I just wrote this way-too-long proposal for how `staticExec`/`staticRead` could
be made more auditable. You can read it [here if you
want](https://gist.github.com/iffy/2558525fe9bf4fffccda47ecb0781582).
But then I wondered if the problem could be generalized. How much complexity
would it add to allow compiler users to forbid/allow specific proc/func calls
(at compile time or run-time).

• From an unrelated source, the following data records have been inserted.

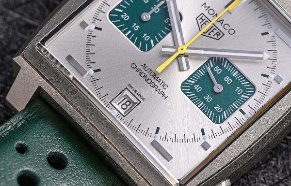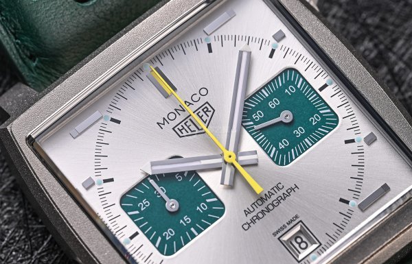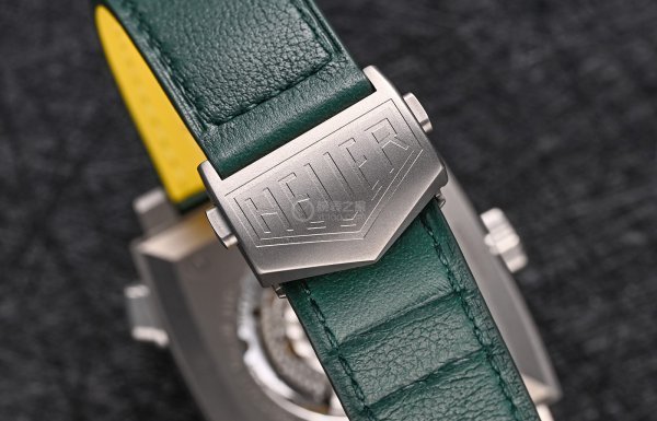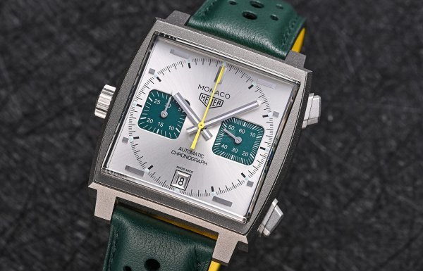 全新摩纳哥“竞速绿”计时码表继承了初代摩纳哥腕表的设计精髓:方形防水表壳、抢眼独到的惊艳配色、高辨识度计时表盘及各项赛车细节都在传达着其作为专业型赛车计时表的不凡之处。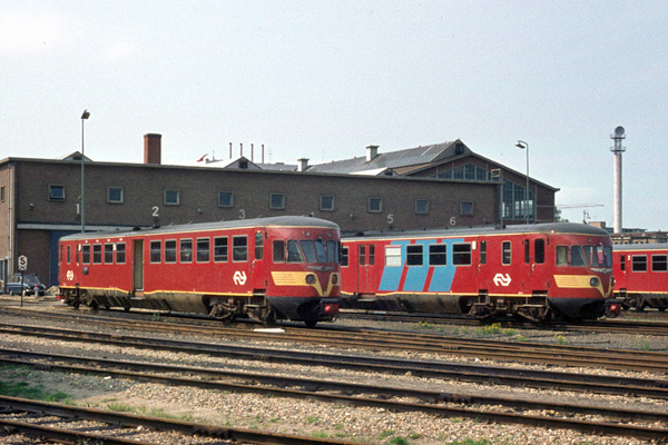Mariënberg, 24 augustus 1995. Links treinstel 169 in de dienst op Almelo, rechts treinstellen 2101 en 2106 als trein naar Emmen. |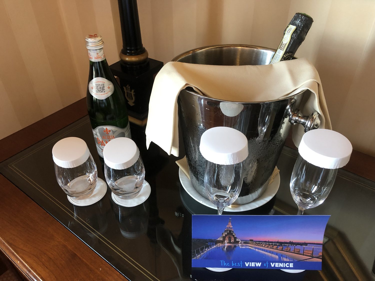 A bottle of water, a bottle of Prosecco and a hand-written welcome card were waiting in our room.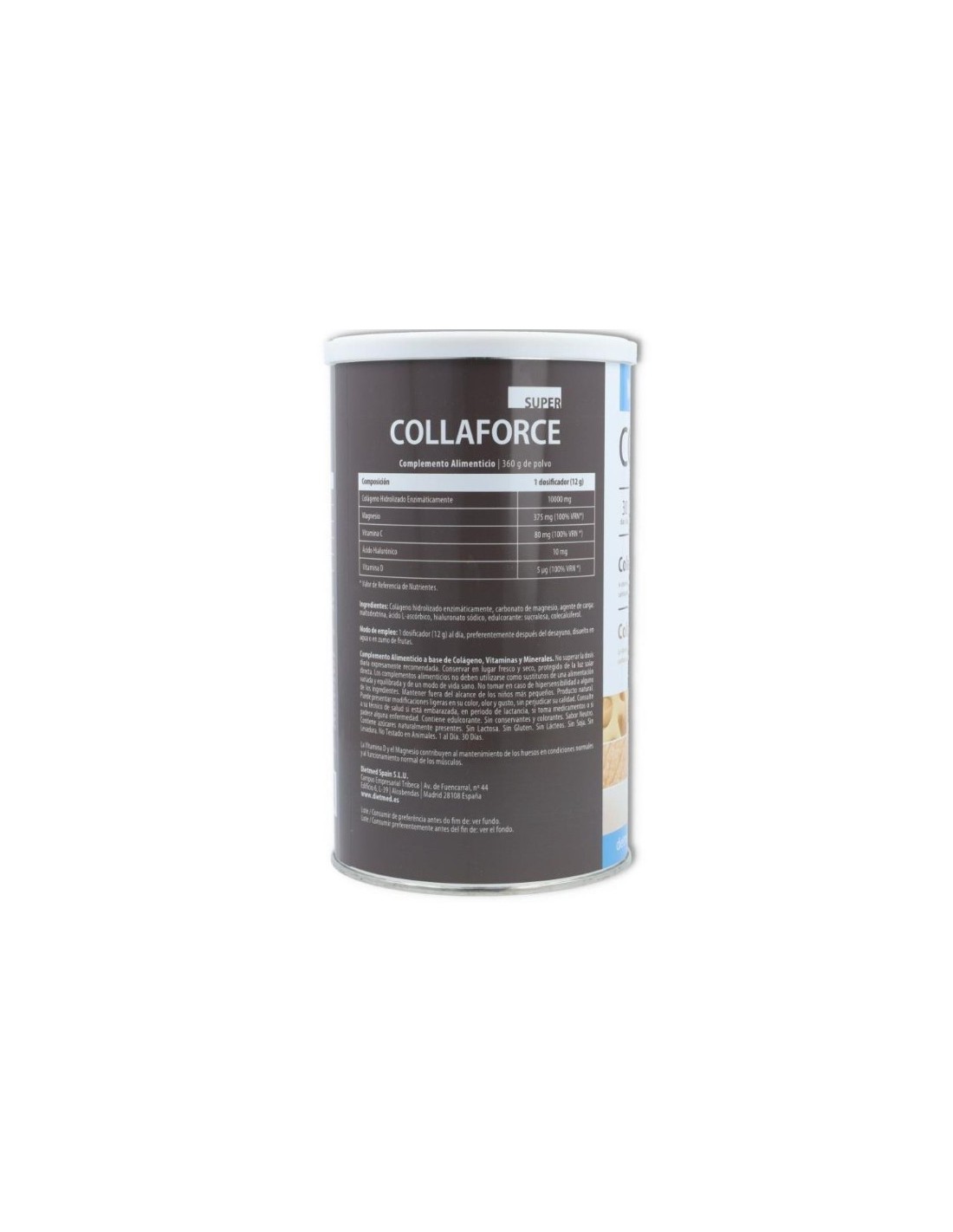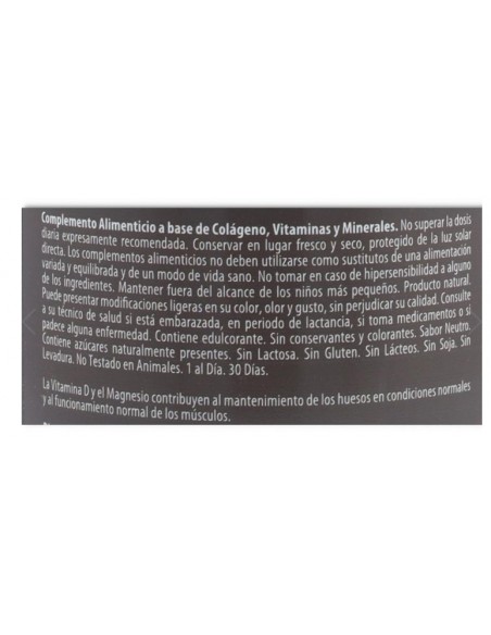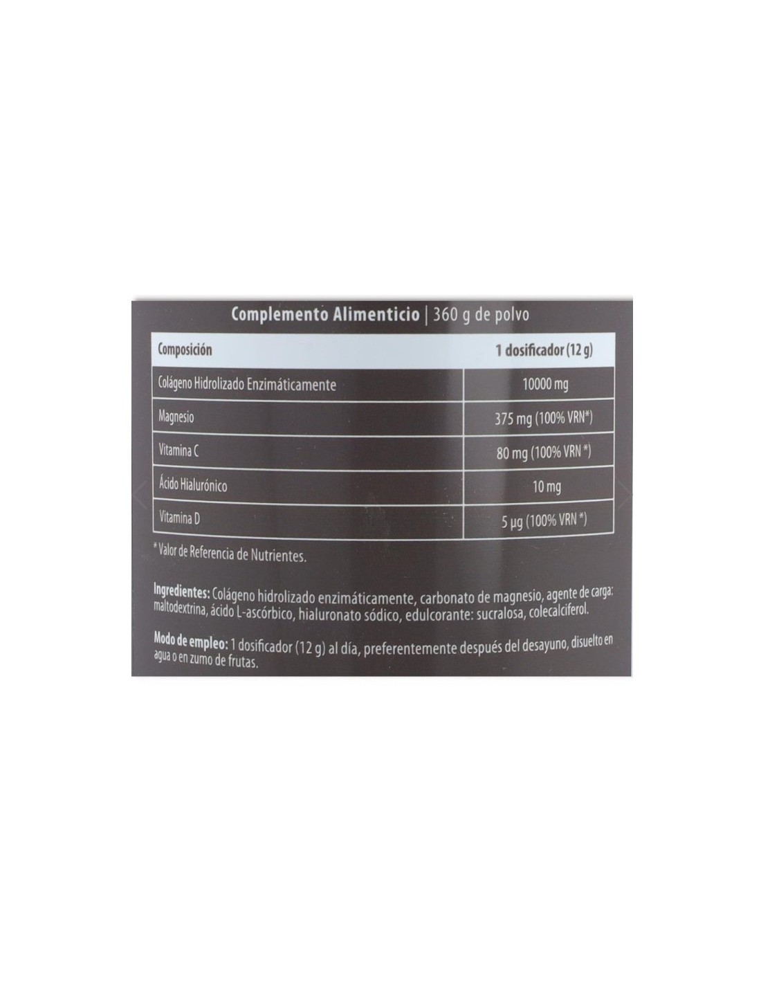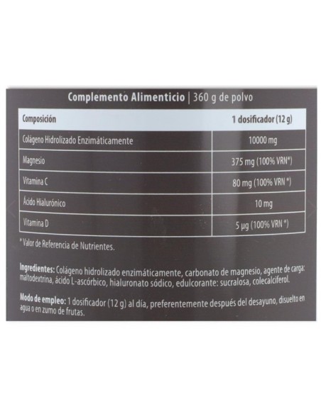 COMPOSICIÓN: 1 medida (12 g): Colágeno Hidrolizado Enzimáticamente 10000 mg, Magnesio 375 mg (100% VRN*), Vitamina C 80 mg (100% VRN *), Ácido Hialurónico 10 mg, Vitamina D 5 µg (100% VRN *). * Valor de Referencia de Nutrientes.

For instance, imagine this:
> `nim c --forbid:*:staticExec --allow:myfile.nim:staticExec("/bin/ls")
> myfile.nim`
* `--forbid:*:staticExec` means: "In `*` (all) nim files, forbid the use of
`staticExec`"
* `--allow:myfile.nim:staticExec("/bin/ls")` means: "In `myfile.nim` allow
the use of `staticExec("/bin/ls")`
If a forbidden invocation is found during compilation, it could produce an
error message like:
> ERROR: Forbidden call in myfile.nim:4 staticExec("/bin/ls"). To allow, use:
>
> `--allow:myfile.nim:staticExec("/bin/ls")`
>
> or add `switch("allow", """myfile.nim:staticExec("/bin/ls")""")` to
> config.nims
Or maybe your company decides that no one should use `writeFile` for whatever
reason:
> `nim --forbid:*:writeFile thecode.nim`
Maybe this could exist as a macro I could make myself... maybe.